The air in my throat feels too heavy.

I do my checks again, more urgently than before.

Index, middle, ring, pinkie; pinkie, ring, middle, index.

My mind fights to make sense of it. That’s what the brain does, I think, a little wildly; it’s a sense-making machine. Neurons stretch through the body and take in billions of impulses from everything we see and feel and do and our brains turn them into a world. The brain doesn’t just sense reality, it creates it.

But what if the reality it’s creating is … different?

“But I saw people,” I say, my voice catching. “This place was full.”

“You’re just seeing what you expect to see. It’ll pass.”

“Was there a fire drill?” I say. “An evacuation?”

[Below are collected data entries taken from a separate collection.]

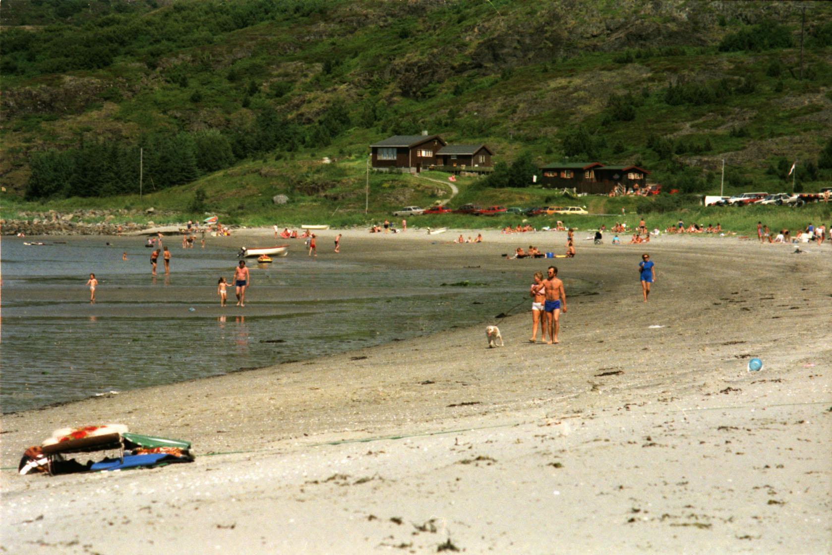 Hosensand in Åfjord
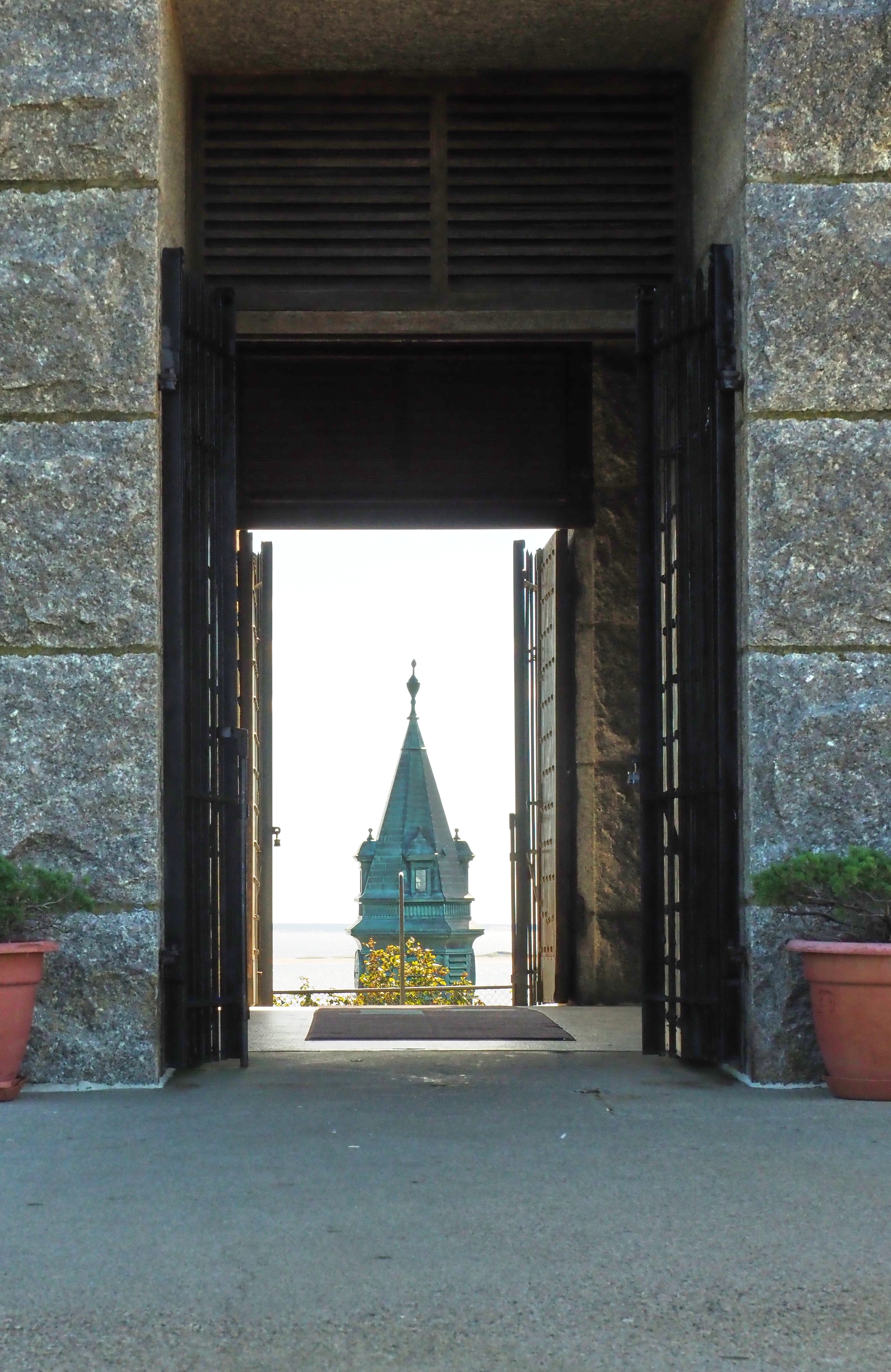 View of Provincetown, Mass town hall, seen through the base of the Pilgrim Monument
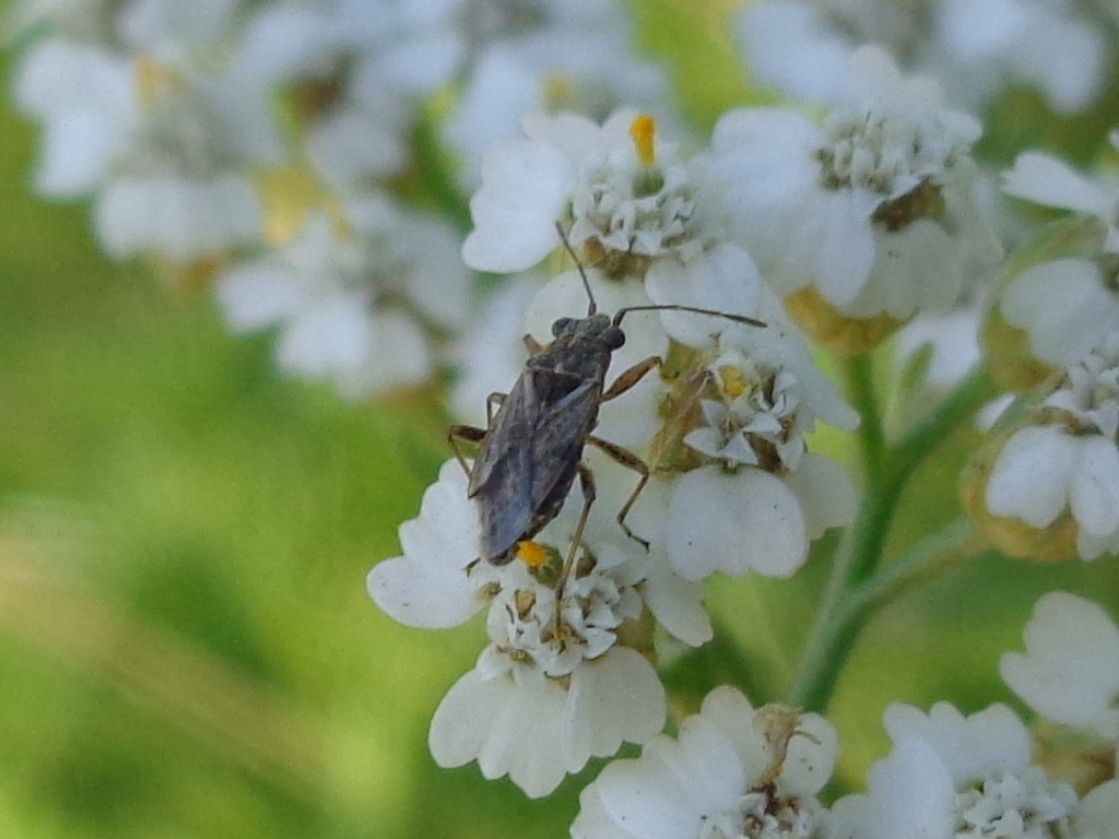 Nysius ericae. Found in Riga town, Latvia
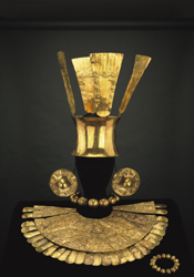 Ceremonial gold headdress. Larco Museum, Lima, Peru.
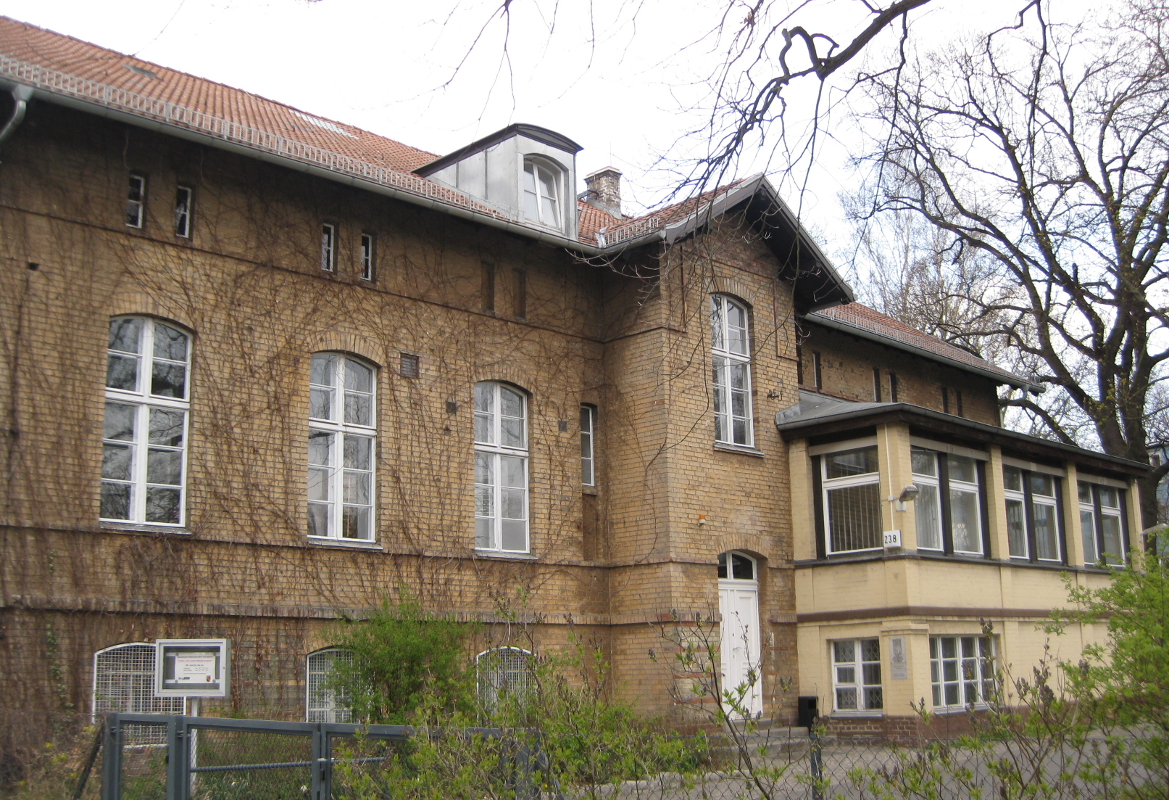 The facade house Eichborndamm 238.
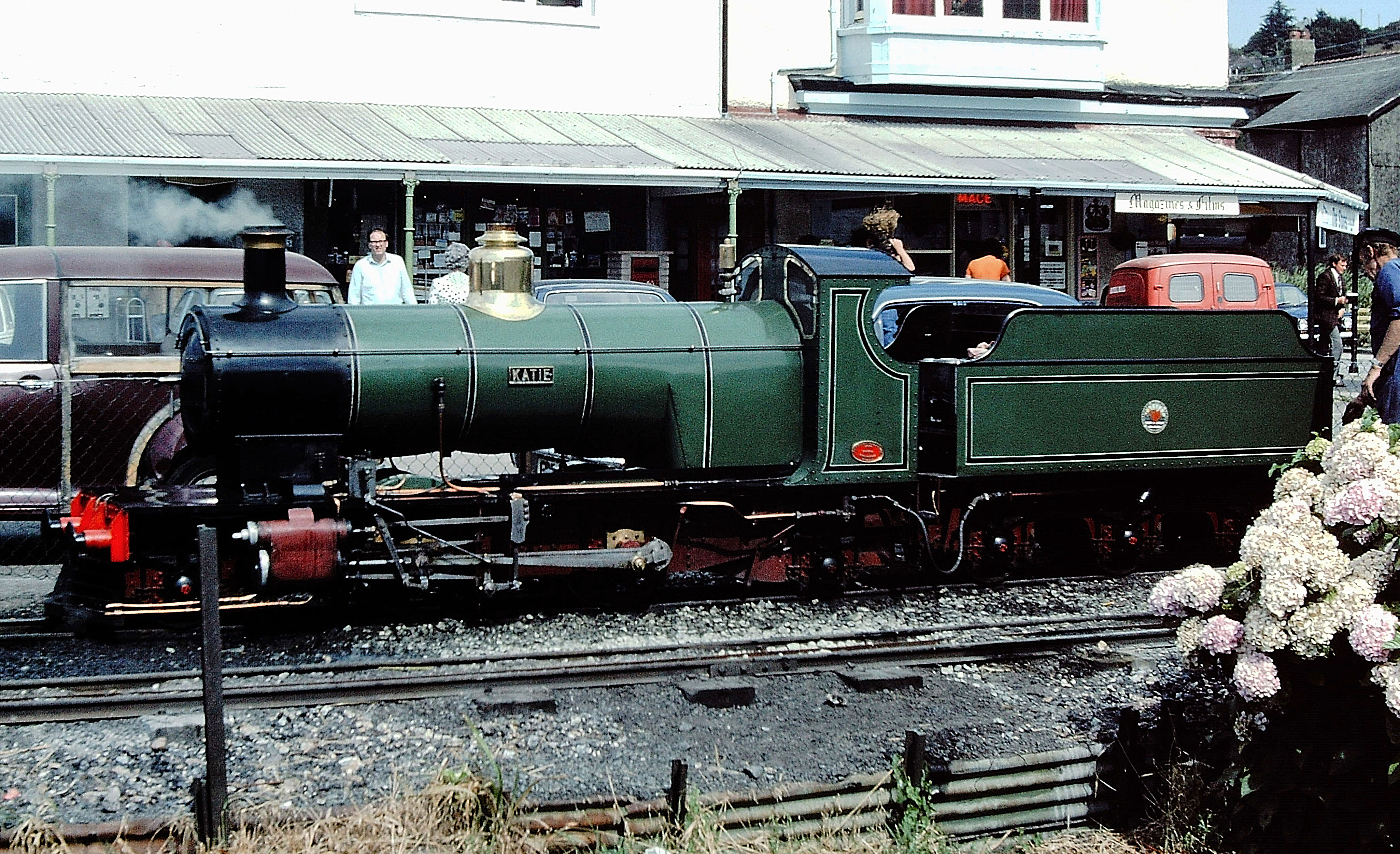 Katie Fairbourne Railway 1976

Farah lets out a cynical laugh. “You know it’s not that.”

“Is it a dream?”

Farah stands and sighs. “Come on. I want to show you something.”

SIX

I follow reluctantly as she leads me deeper into the hospital. Past another set of doors, down another corridor with a glass panel set into the wall that looks on to wards filled with empty beds.

No light. No light, but I can still see.

“Shouldn’t we stay where we were in case they call our numbers?” I say.

She keeps walking. “You still don’t get it, do you?”

The nurses’ station is abandoned, monitors blank, phones silent.